**WHAT IS EXPECTED:** Nothing but the lines below from the one with "Woman in a pink" through the one with "次回の4月公演で三十九回を迎" should be output, each exactly as given, and no pictures.

DATA FOR THIS EXERCISE: Begin

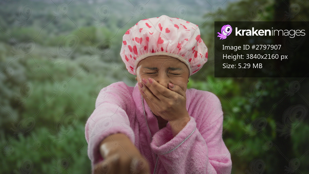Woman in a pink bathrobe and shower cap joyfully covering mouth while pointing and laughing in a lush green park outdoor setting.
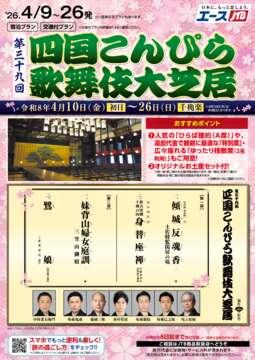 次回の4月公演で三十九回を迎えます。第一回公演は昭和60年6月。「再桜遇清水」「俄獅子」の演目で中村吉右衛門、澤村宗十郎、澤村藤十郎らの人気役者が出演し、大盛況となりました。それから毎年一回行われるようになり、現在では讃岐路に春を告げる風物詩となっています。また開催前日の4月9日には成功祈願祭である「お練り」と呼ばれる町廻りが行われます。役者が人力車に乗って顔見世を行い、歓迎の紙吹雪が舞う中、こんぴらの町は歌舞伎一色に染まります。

DATA FOR THIS EXERCISE: End
DATA FOR THIS EXERCISE: Begin

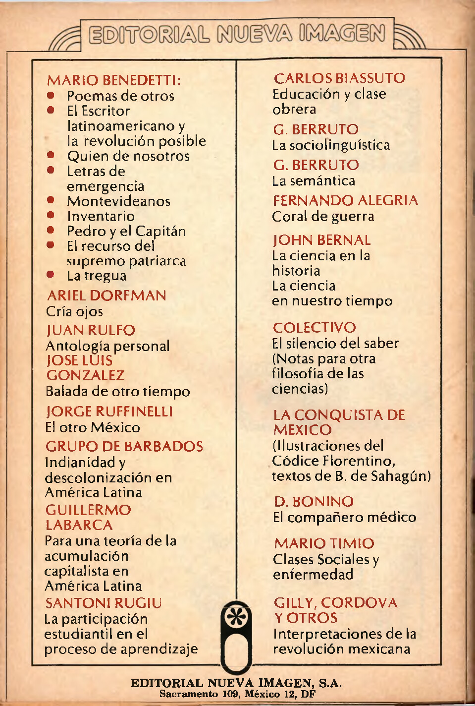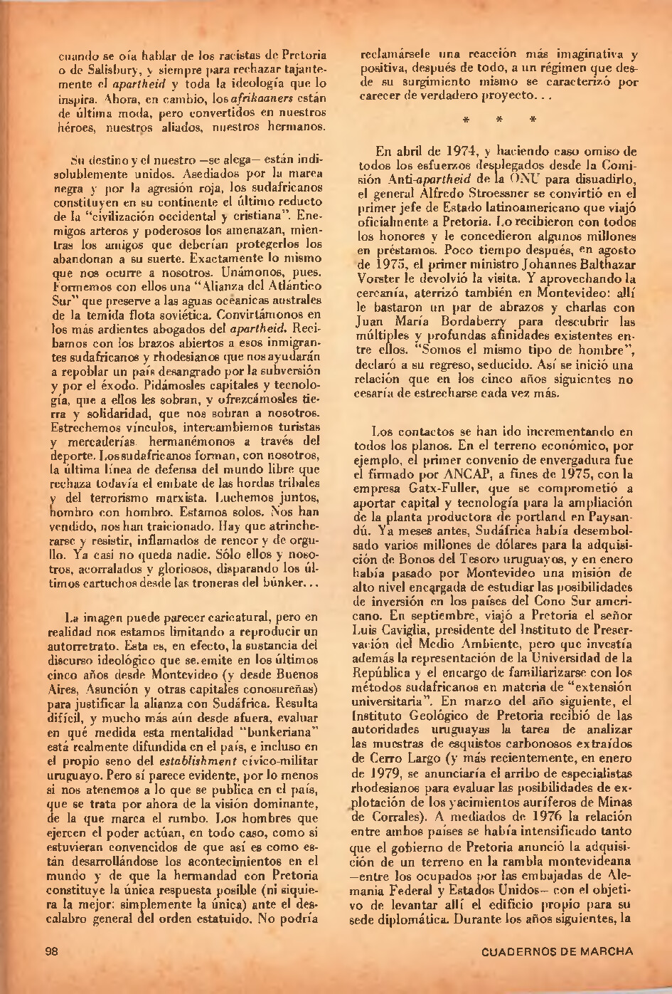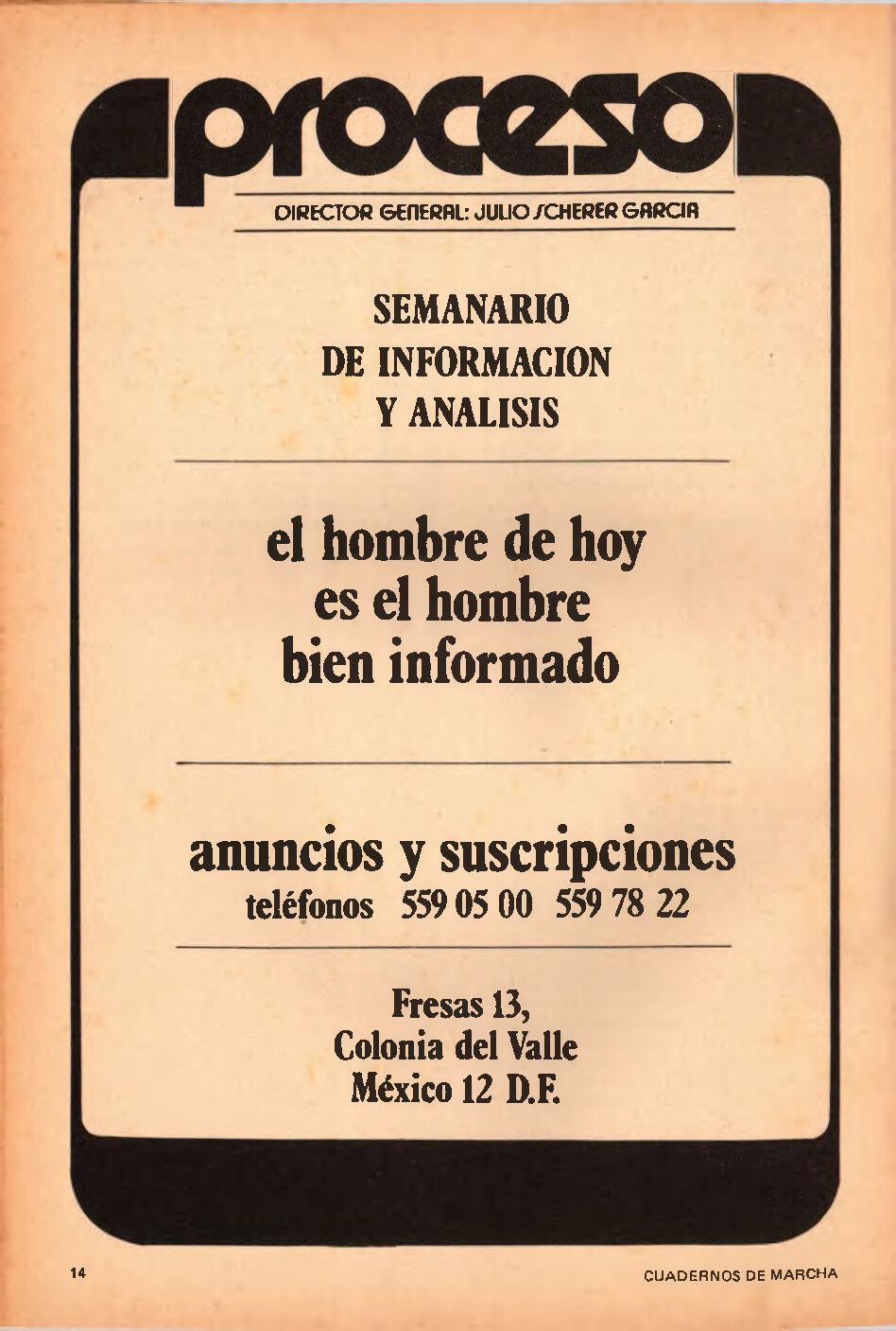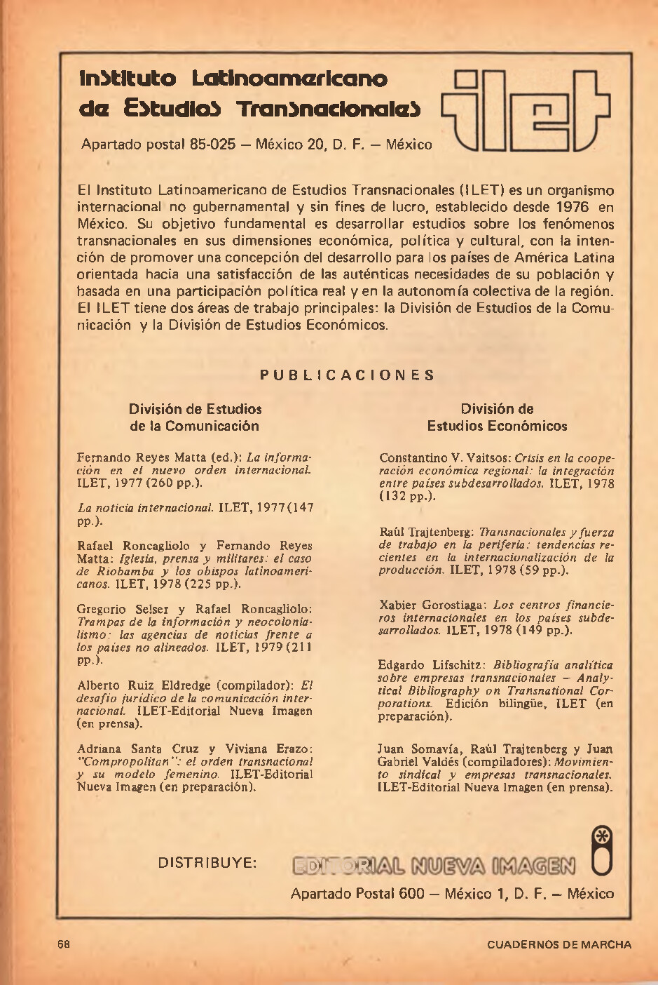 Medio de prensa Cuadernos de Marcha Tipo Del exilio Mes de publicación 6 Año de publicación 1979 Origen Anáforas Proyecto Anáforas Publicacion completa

DATA FOR THIS EXERCISE: End

**ANSWER FOR THIS EXERCISE:**
Woman in a pink bathrobe and shower cap joyfully covering mouth while pointing and laughing in a lush green park outdoor setting.
 次回の4月公演で三十九回を迎えます。第一回公演は昭和60年6月。「再桜遇清水」「俄獅子」の演目で中村吉右衛門、澤村宗十郎、澤村藤十郎らの人気役者が出演し、大盛況となりました。それから毎年一回行われるようになり、現在では讃岐路に春を告げる風物詩となっています。また開催前日の4月9日には成功祈願祭である「お練り」と呼ばれる町廻りが行われます。役者が人力車に乗って顔見世を行い、歓迎の紙吹雪が舞う中、こんぴらの町は歌舞伎一色に染まります。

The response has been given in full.